After watching this you will see why. Thank you, Brad.
Jimmy Dugan
Life is HARD. Scott Peck says, "Life is Difficult."
Why do we not accept this and then live.
Tuesday, June 10, 2008
Too Much, or Know When You're I-Gnorant

I teach summer school. The students I teach are repeating a class they have failed. This is a chance for them to make up the class so they can graduate on time, or at least have the chance to graduate. Not all of the classes on campus are like this, but most. Each day is roughly the equivalent of a week of regular school. Not good in most cases because there is no real way to cover a week's work in one 6.5 hour day, but in a repeat class it's not too bad. You are allowed to miss three days before you are dropped, or should we say three "weeks."

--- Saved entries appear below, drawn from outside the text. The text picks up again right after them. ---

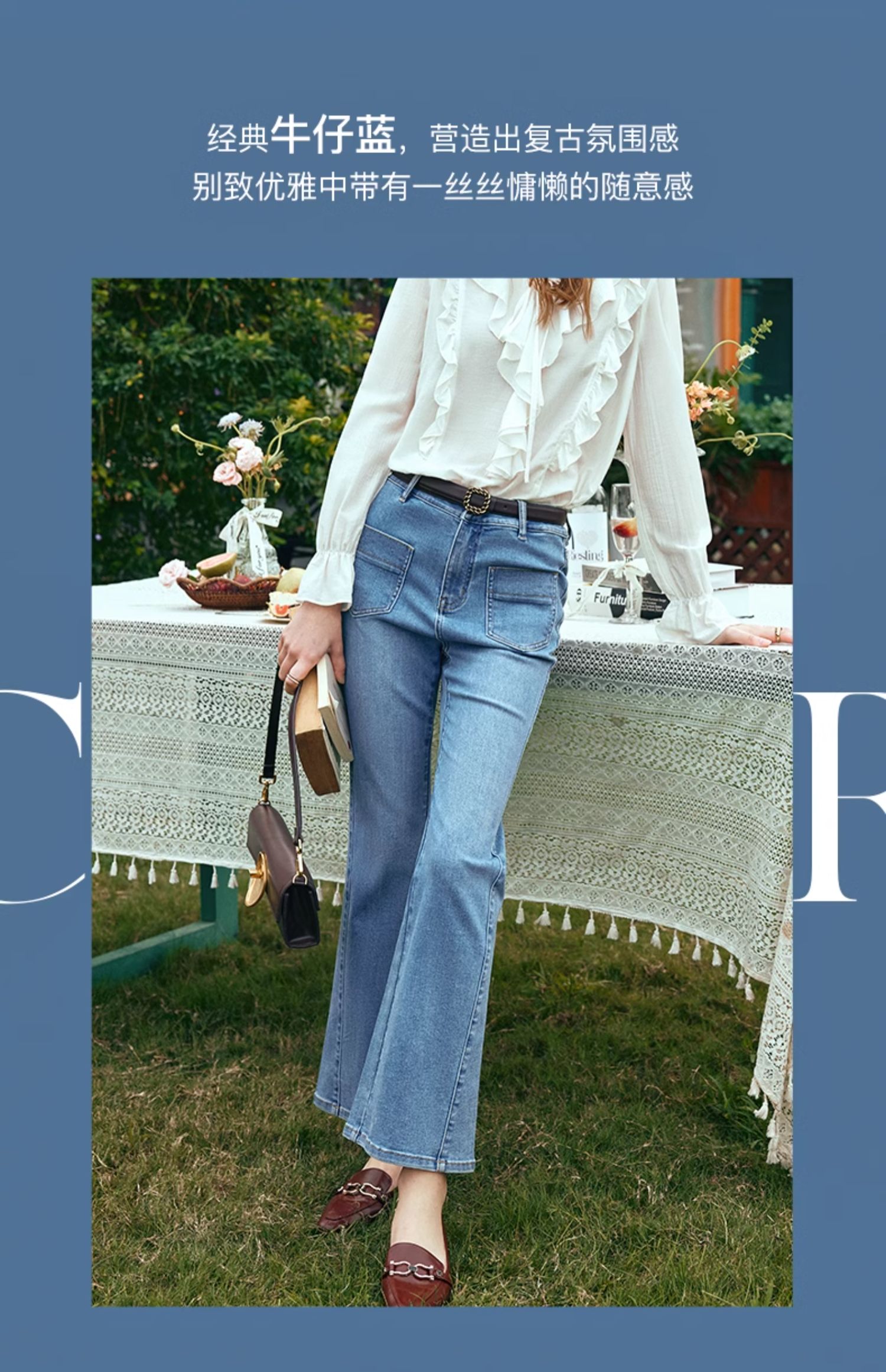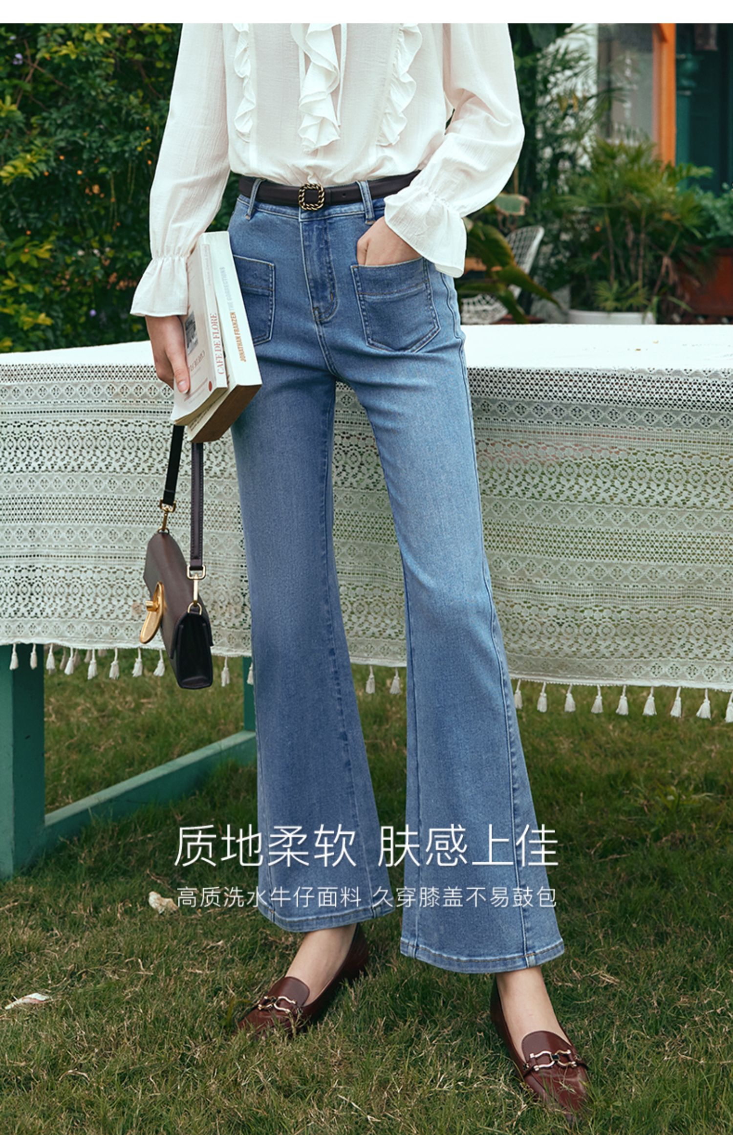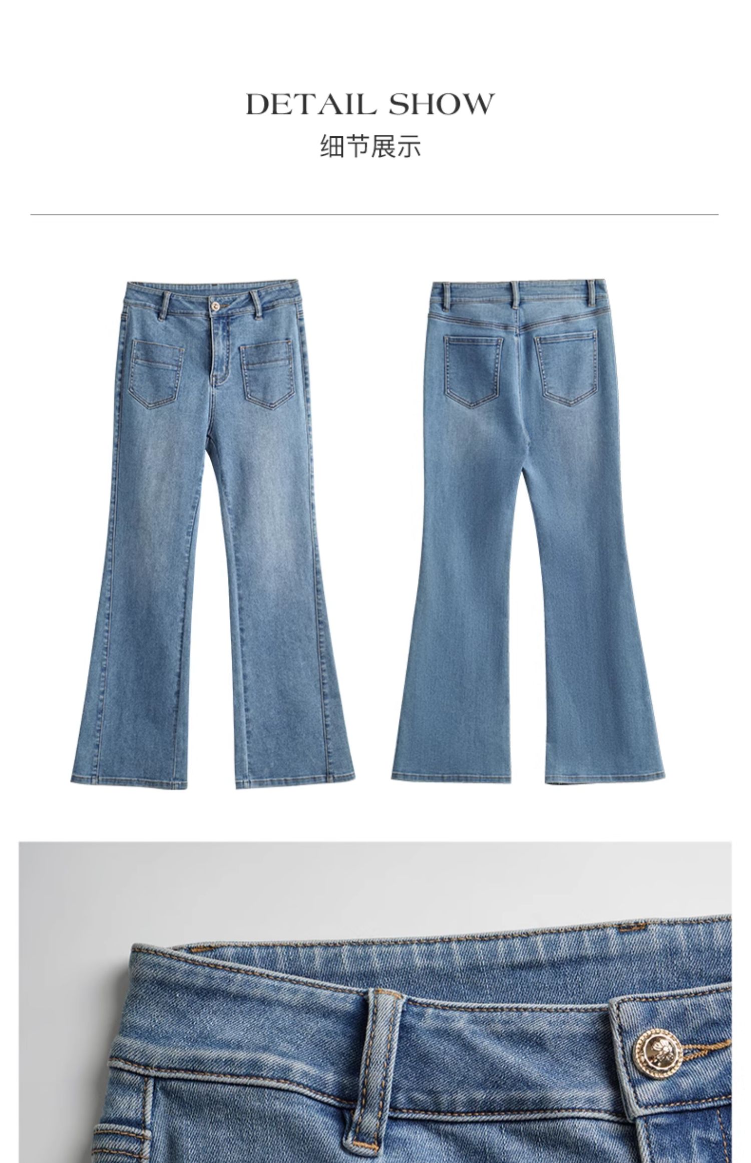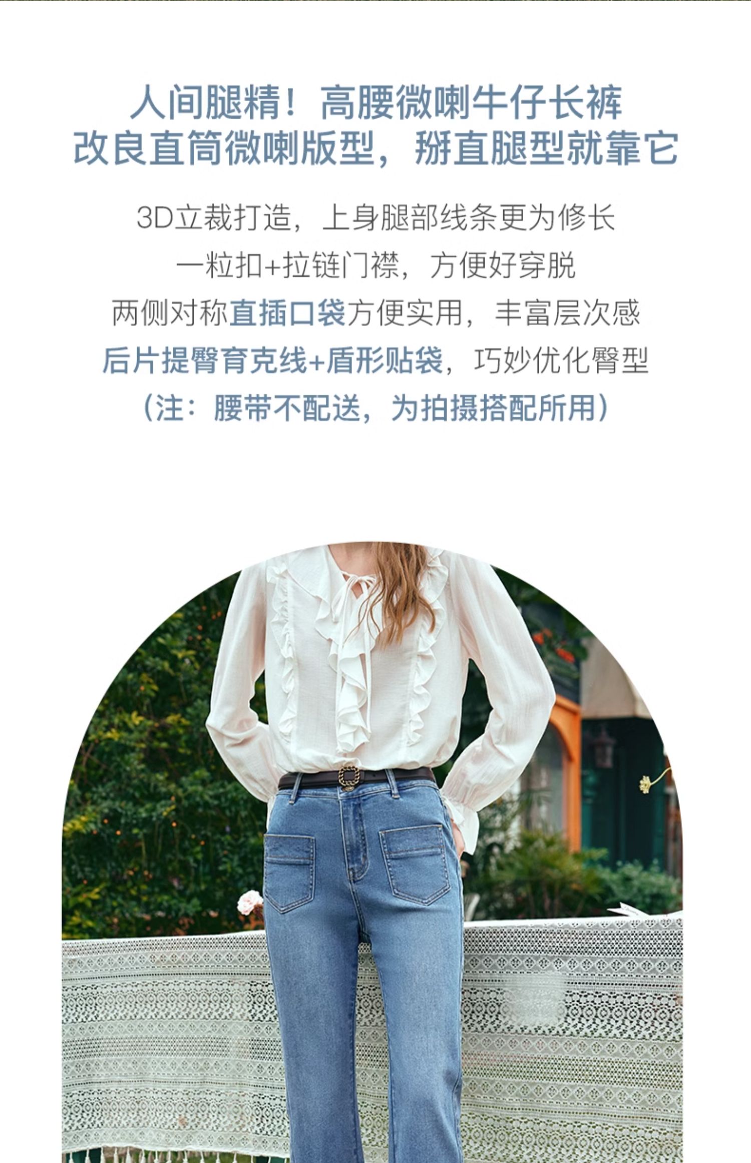 OLrain欧芮儿水洗蓝牛仔裤女早春2024年新款简约百搭显瘦微喇长裤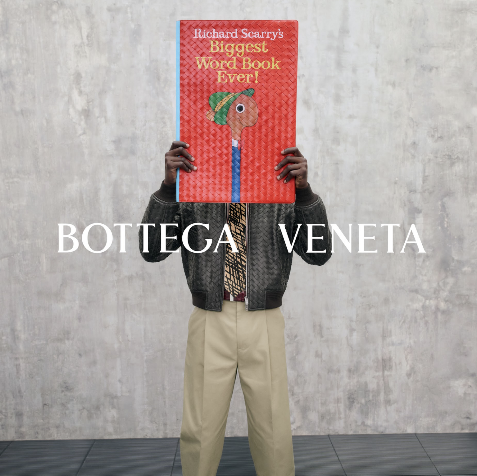 The real star of this capsule collection, however, is an accessory unlike any other—two oversized Intrecciato editions of Scarry’s encyclopedic Biggest World Book Ever (1985). Both are based on a 2013 re-issue of the book, but one features the actual story inside, with a Bottega Veneta Ex Libris sticker on its first page. The other offers blank pages to serve as a sketchbook, plus a customizable tag for exercising the childlike pleasure of claiming one’s territory.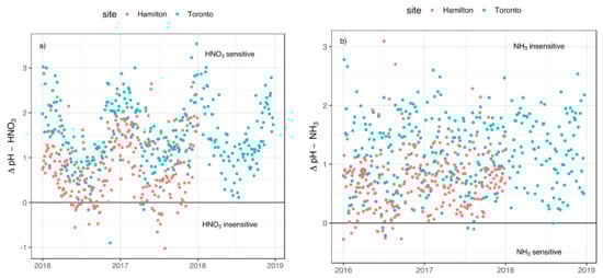 Based on ΔpH reported in Figure 5a,b, the particulate matter sensitivity to the gas phase HNO3 and NH3 is different at the two sites over the same period. The aerosol is insensitive to both compounds for ~10% of the sampling days in Hamilton, whereas this value drops to 2% in Toronto given the higher pH at this site.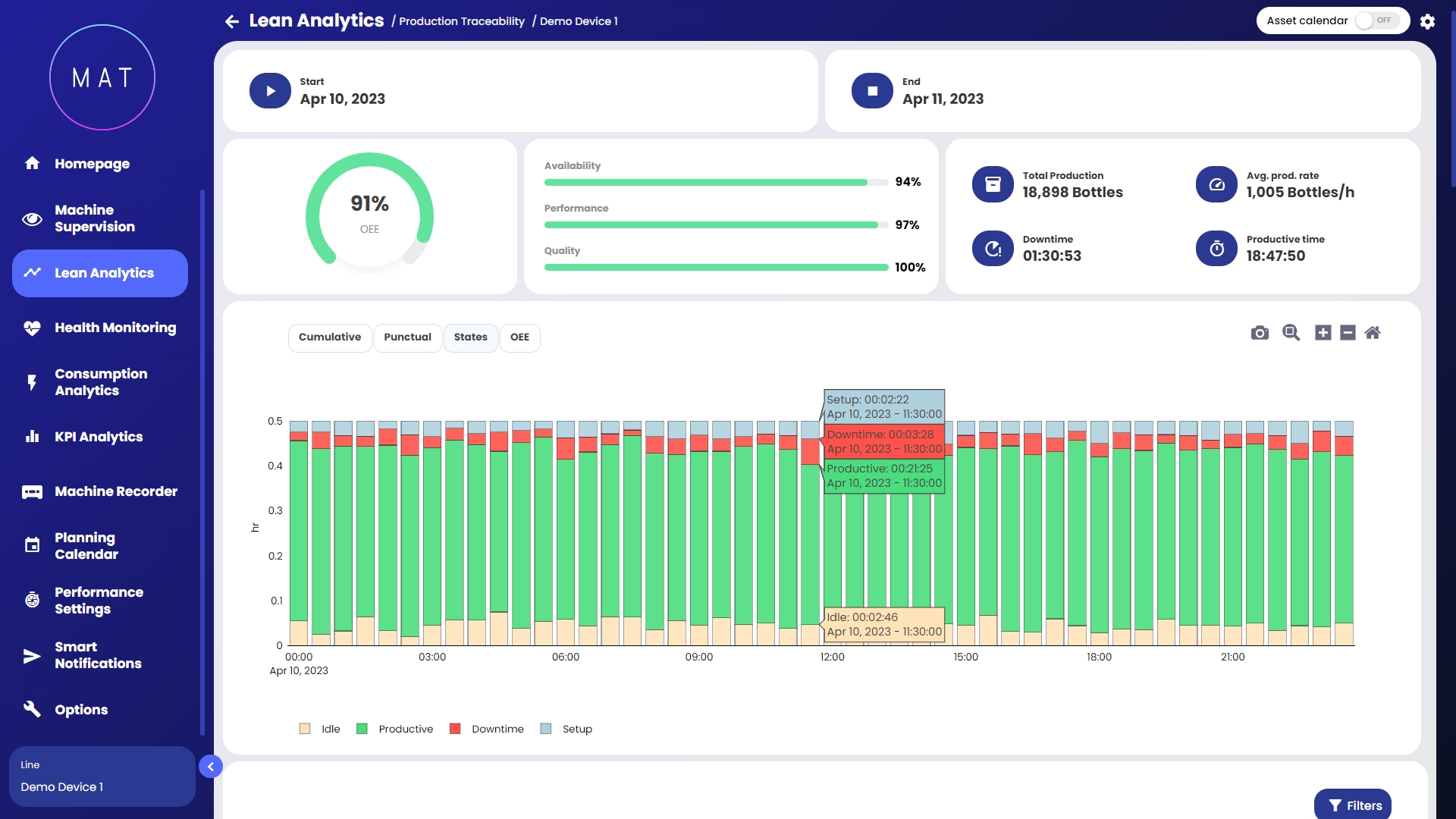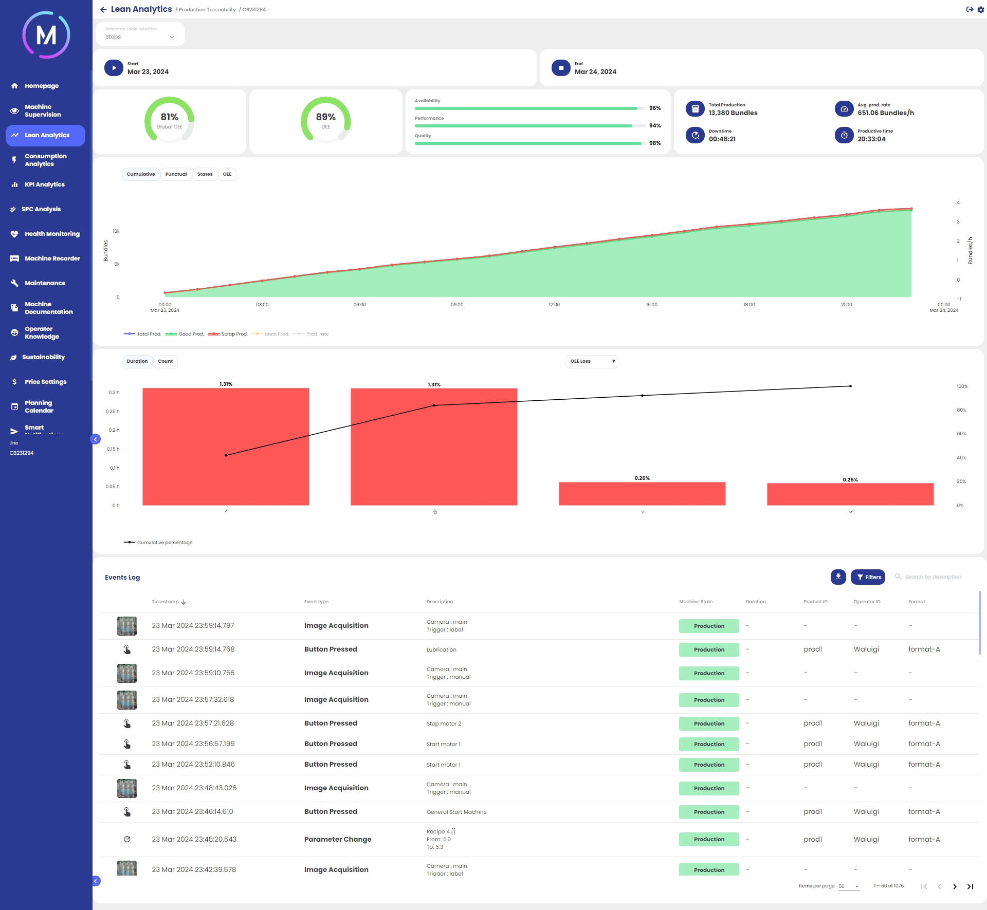 grafico cumulato e puntuale dei pezzi prodotti, grafico degli stati macchina susseguiti durante la porzione di produzione e trend dell’OEE (vedi immagini G, H, I, L);

There is another summer class that is semi-notorious. It is a class that is actually taken in place of a "regular" class during the year. Six weeks to replace 18. In US History. Do you ever wonder why young people don't know things? The summer class is full partly because the teacher that teaches it during the regular is difficult. The school justifies the shortened summer class by saying they would have to hire another history teacher if the class wasn't offered in the summer.
I just heard a story. Some of the students are going to miss this US History summer class to go to golf camp. The last three days of the class. Finals of this class that is a class they're taking because they can't handle a teacher that makes them work. I wonder if they will complain if their grade goes down. I wonder if by some chance they have to be tardy to a class and the three days in Pebble Beach means they get zero credit for the class and an F on their transcript.
Maybe justice will happen instead of feces.
Monday, June 2, 2008
Borrowed, Or Stolen?

"War is an ugly thing, but not the ugliest of things; the decayed and degraded state of moral and patriotic feeling which thinks nothing worth a war, is worse. A man who has nothing which he cares more about than he does about his personal safety is a miserable creature who has no chance at being free, unless made and kept so by the exertions of better men than himself."— John Stuart Mill
I saw this on my wife's blog and as usual it made me think of the human condition. Too bad we don't have more people worried about others. We need more people like Atticus Finch, Dr. Paul Brand, . . . you and me?